Look through the entries below for the line with "Greige JJCDE051W02 |" and the line with "Azpeitiko Lagun Onak", then give again exactly those two lines and all lines between them, minus the pictures.
[[ Records supplied, beginning ]]
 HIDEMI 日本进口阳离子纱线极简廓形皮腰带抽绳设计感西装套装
[[ Records supplied, end ]]
[[ Records supplied, beginning ]]
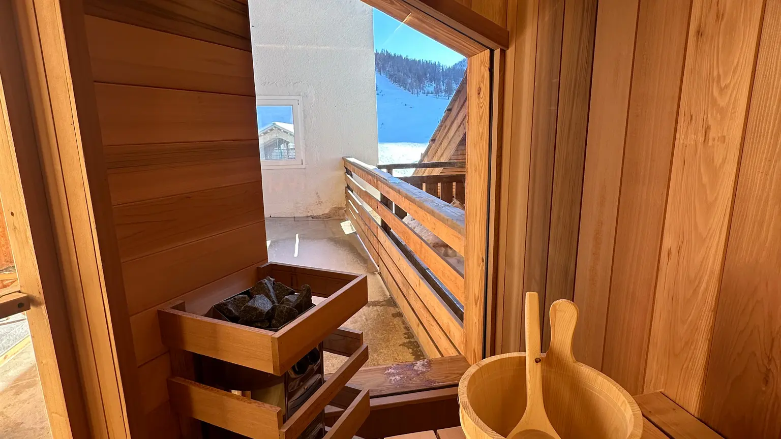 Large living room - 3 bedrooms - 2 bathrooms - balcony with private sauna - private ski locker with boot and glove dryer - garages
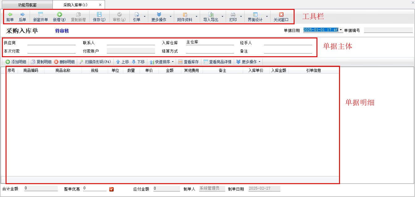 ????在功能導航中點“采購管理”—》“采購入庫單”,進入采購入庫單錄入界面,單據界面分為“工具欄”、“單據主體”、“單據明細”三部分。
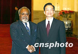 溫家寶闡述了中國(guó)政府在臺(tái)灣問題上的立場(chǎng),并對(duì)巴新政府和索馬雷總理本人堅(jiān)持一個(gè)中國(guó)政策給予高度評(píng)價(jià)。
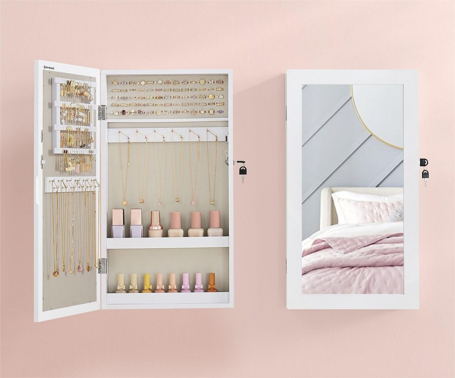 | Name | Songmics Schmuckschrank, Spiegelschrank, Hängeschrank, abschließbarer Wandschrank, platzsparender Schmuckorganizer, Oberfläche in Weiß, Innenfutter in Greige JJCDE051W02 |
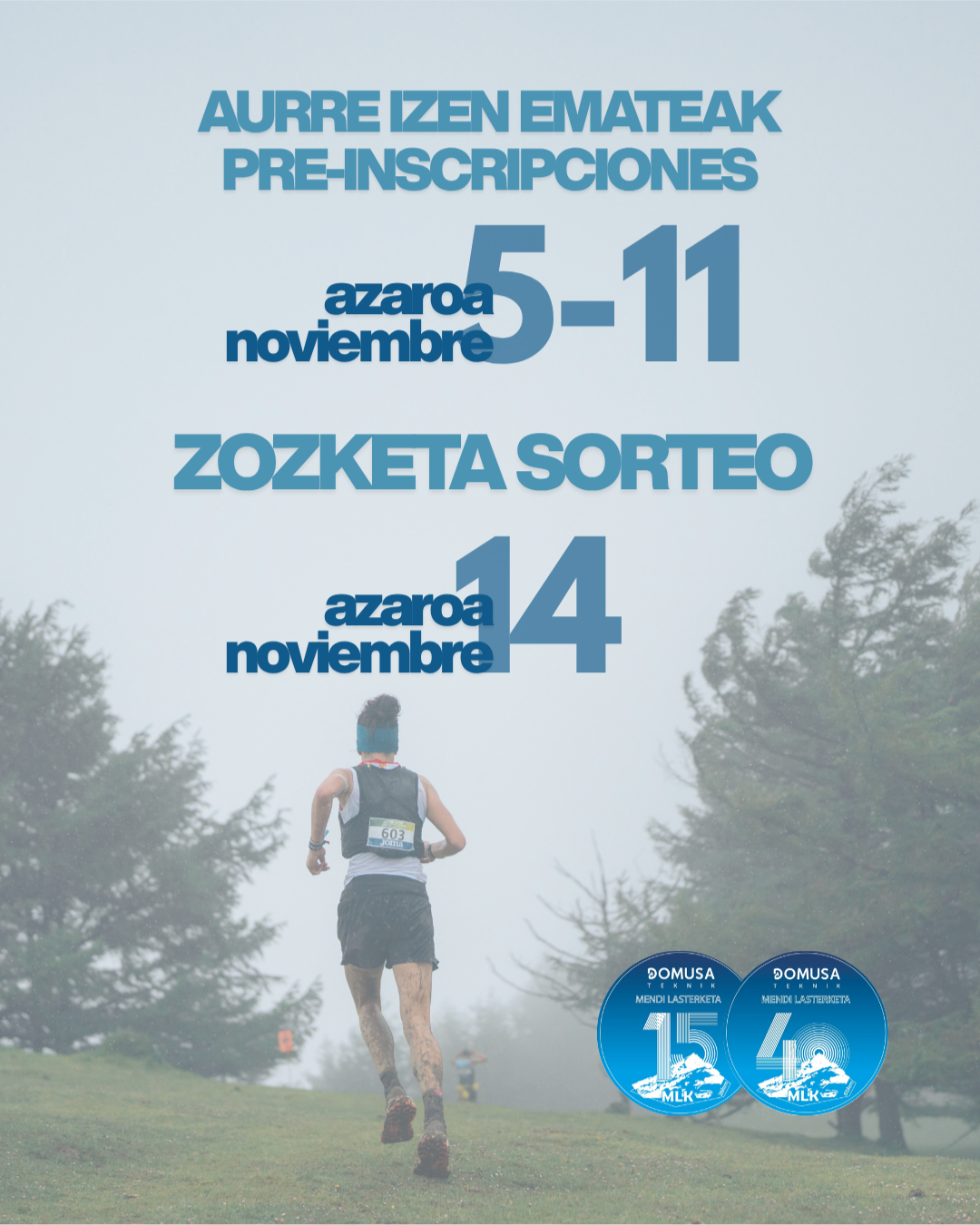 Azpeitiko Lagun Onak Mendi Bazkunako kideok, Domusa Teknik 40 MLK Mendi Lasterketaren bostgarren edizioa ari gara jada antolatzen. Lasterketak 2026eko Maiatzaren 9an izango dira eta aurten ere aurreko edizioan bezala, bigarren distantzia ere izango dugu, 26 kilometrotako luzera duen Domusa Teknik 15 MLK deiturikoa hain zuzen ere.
[[ Records supplied, end ]]
[[ Records supplied, beginning ]]
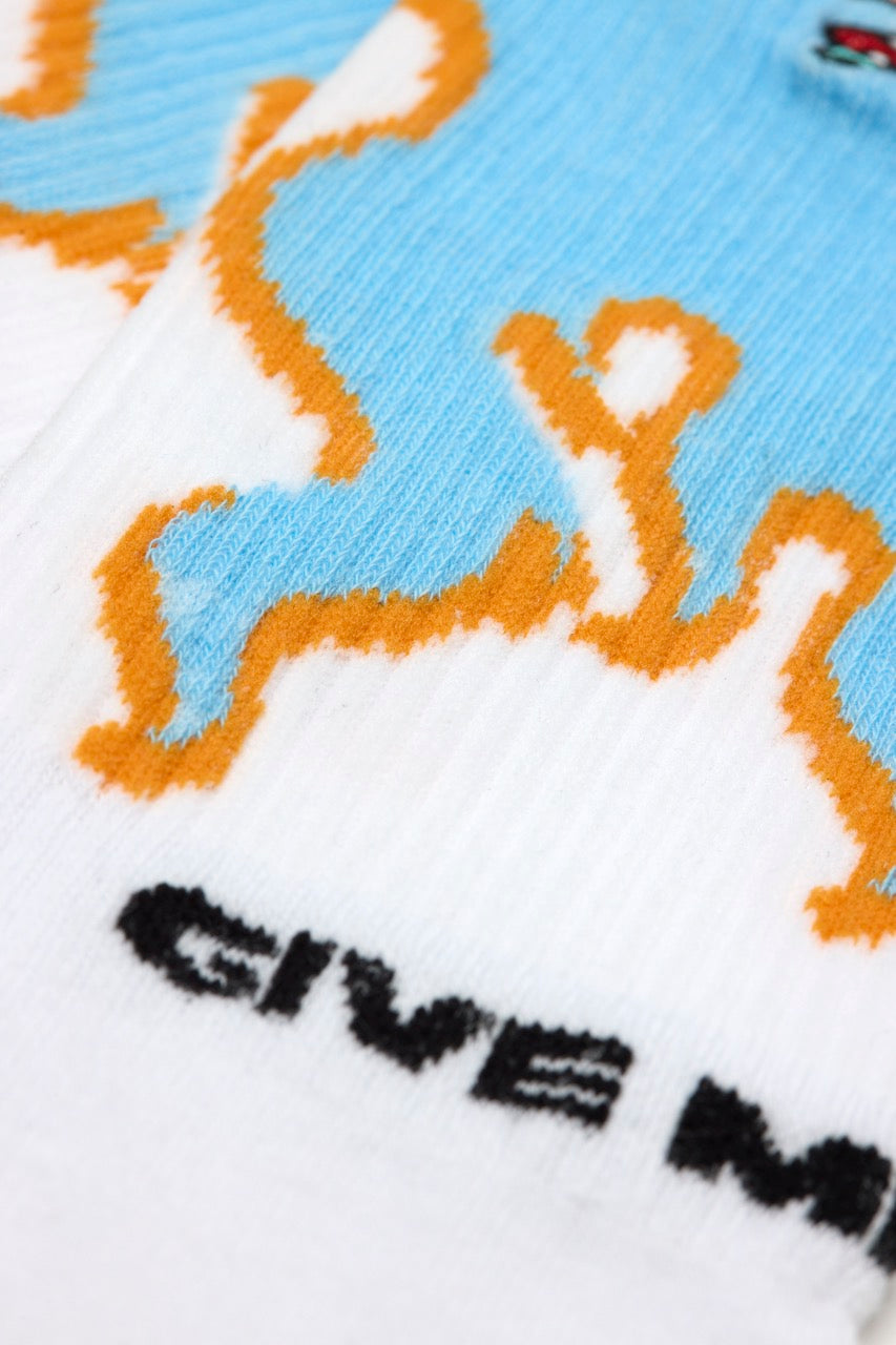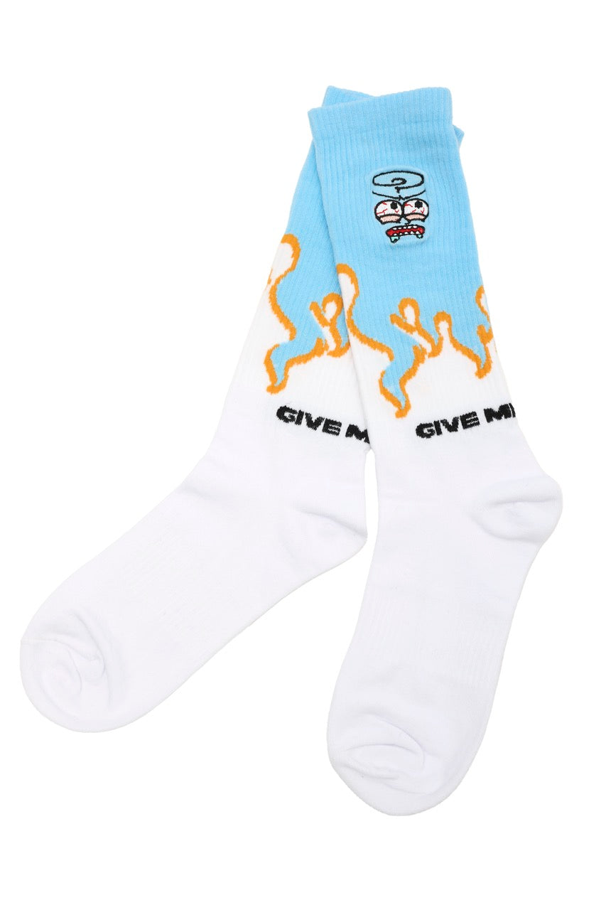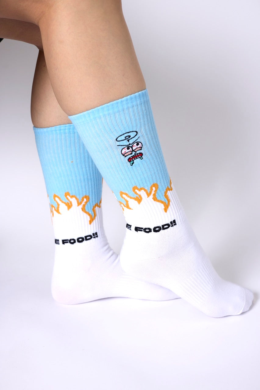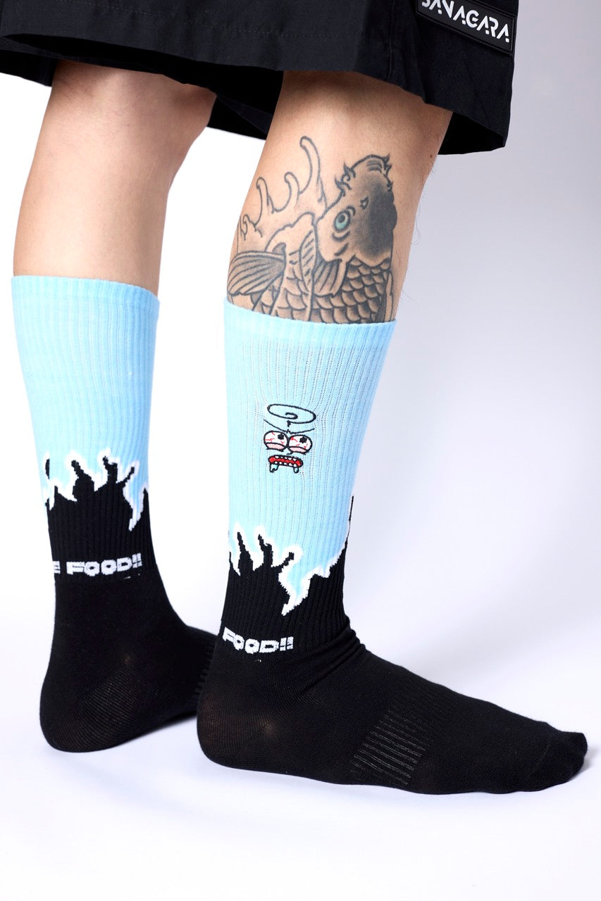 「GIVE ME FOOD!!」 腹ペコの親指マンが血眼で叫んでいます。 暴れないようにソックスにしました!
[[ Records supplied, end ]]
> Task solution:
 | Name | Songmics Schmuckschrank, Spiegelschrank, Hängeschrank, abschließbarer Wandschrank, platzsparender Schmuckorganizer, Oberfläche in Weiß, Innenfutter in Greige JJCDE051W02 |
 Azpeitiko Lagun Onak Mendi Bazkunako kideok, Domusa Teknik 40 MLK Mendi Lasterketaren bostgarren edizioa ari gara jada antolatzen. Lasterketak 2026eko Maiatzaren 9an izango dira eta aurten ere aurreko edizioan bezala, bigarren distantzia ere izango dugu, 26 kilometrotako luzera duen Domusa Teknik 15 MLK deiturikoa hain zuzen ere.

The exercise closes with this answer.